= Problem description =
Repeat each line of the material below exactly as it appears, minus any pictures.

= Given material =
▼

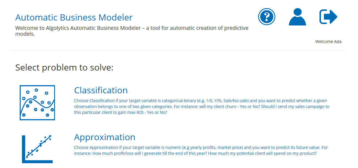 - Automatic Business Modeler (ABM) – narzędzie umożliwiające automatyczną budowę oraz aktualizowanie modeli predykcyjnych. Zapewnia pełną automatyzacje niezbędnych, ale czasochłonnych czynności, takich jak wybór zmiennych, transformacje, modelowanie interakcji czy dobranie najlepszego modelu.
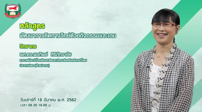 คลิปวิดีโอและภาพบรรยากาศการอบรม : พัฒนาการคิดทางวิทย์ด้วยกิจกรรมและเกม วิทยากร: ผู้ช่วยศาสตราจารย์ ดร.พรทิพย์ ศิริภัทราชัย วันที่ 16 มีนาคม 2562
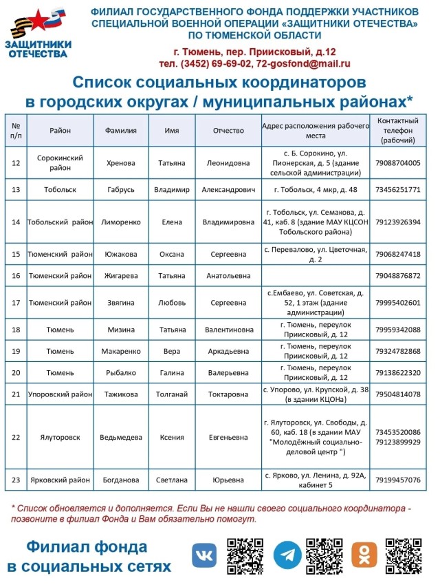 Кроме того, по всем вопросам можно обратиться к территориальным социальным координаторам.

▲

= Response to the task =
 - Automatic Business Modeler (ABM) – narzędzie umożliwiające automatyczną budowę oraz aktualizowanie modeli predykcyjnych. Zapewnia pełną automatyzacje niezbędnych, ale czasochłonnych czynności, takich jak wybór zmiennych, transformacje, modelowanie interakcji czy dobranie najlepszego modelu.
 คลิปวิดีโอและภาพบรรยากาศการอบรม : พัฒนาการคิดทางวิทย์ด้วยกิจกรรมและเกม วิทยากร: ผู้ช่วยศาสตราจารย์ ดร.พรทิพย์ ศิริภัทราชัย วันที่ 16 มีนาคม 2562
 Кроме того, по всем вопросам можно обратиться к территориальным социальным координаторам.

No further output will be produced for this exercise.